(Entries shown)

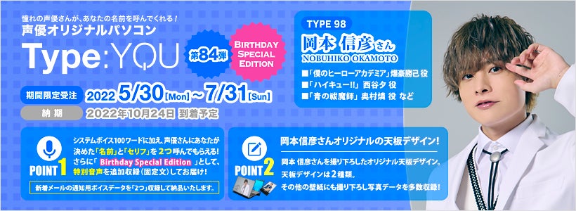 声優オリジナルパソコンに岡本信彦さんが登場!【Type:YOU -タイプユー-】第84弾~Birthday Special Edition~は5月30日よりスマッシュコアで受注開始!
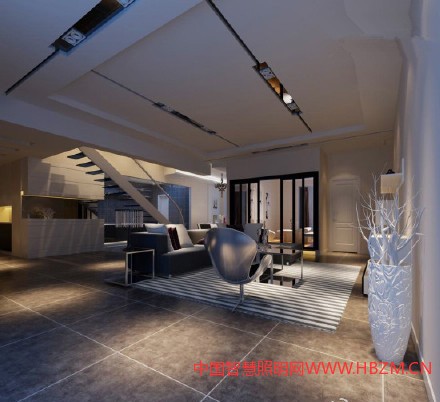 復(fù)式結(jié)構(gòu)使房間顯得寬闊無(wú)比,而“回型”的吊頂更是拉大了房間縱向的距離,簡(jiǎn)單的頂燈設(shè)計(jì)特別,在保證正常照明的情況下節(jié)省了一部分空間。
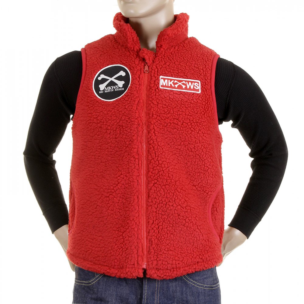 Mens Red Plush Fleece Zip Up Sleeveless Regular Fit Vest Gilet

(End Entries shown)
(Entries shown)

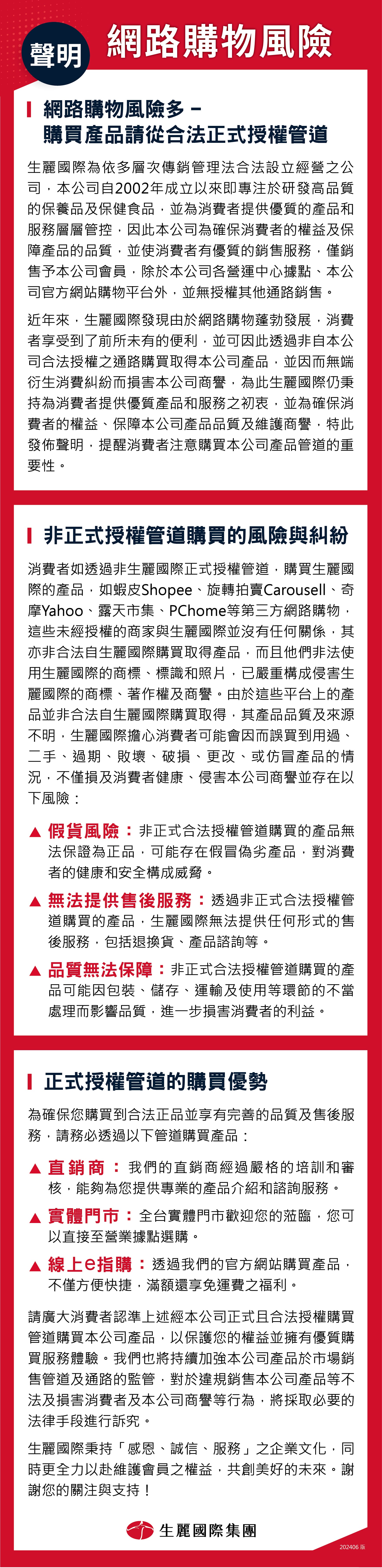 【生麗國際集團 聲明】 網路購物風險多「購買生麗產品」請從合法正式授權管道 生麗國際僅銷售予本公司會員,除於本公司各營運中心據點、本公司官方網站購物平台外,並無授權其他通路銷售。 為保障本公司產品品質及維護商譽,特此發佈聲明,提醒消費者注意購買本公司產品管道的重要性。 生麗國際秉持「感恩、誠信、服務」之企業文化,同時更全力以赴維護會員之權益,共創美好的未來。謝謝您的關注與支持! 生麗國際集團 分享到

(End Entries shown)
(Entries shown)

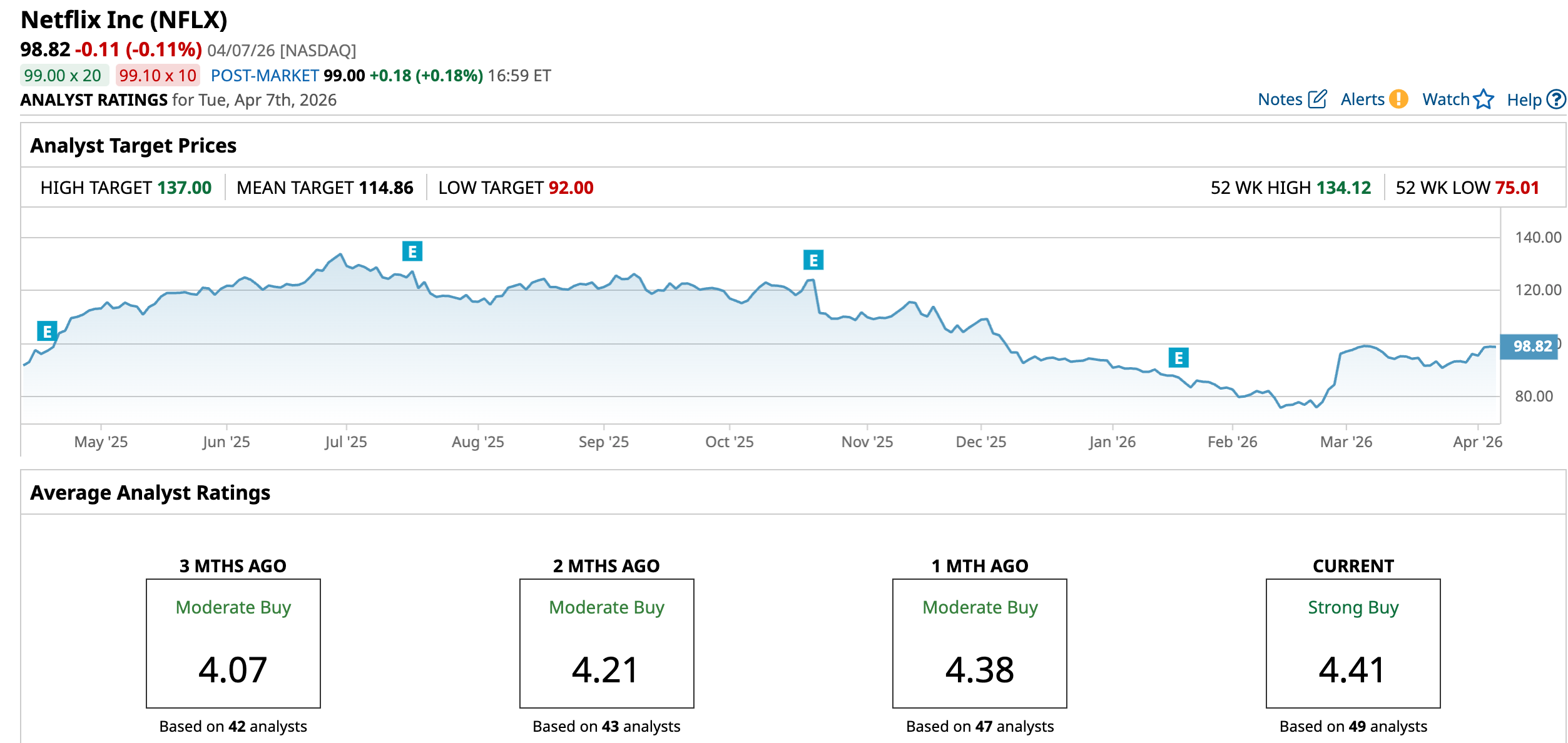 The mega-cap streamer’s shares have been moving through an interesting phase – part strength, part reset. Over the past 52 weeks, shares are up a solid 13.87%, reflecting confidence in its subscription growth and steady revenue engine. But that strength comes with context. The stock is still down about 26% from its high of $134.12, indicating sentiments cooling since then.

(End Entries shown)

Using the records above, repeat exactly the run of lines that starts with the line with "声優オリジナルパソコンに岡本信彦さんが登場!【Type:YOU -タイプユー-】第84弾~Birthday Special" and goes on through the line with "Mens Red Plush"; omit each picture.

* _Solved exercise_:
 声優オリジナルパソコンに岡本信彦さんが登場!【Type:YOU -タイプユー-】第84弾~Birthday Special Edition~は5月30日よりスマッシュコアで受注開始!
 復(fù)式結(jié)構(gòu)使房間顯得寬闊無(wú)比,而“回型”的吊頂更是拉大了房間縱向的距離,簡(jiǎn)單的頂燈設(shè)計(jì)特別,在保證正常照明的情況下節(jié)省了一部分空間。
 Mens Red Plush Fleece Zip Up Sleeveless Regular Fit Vest Gilet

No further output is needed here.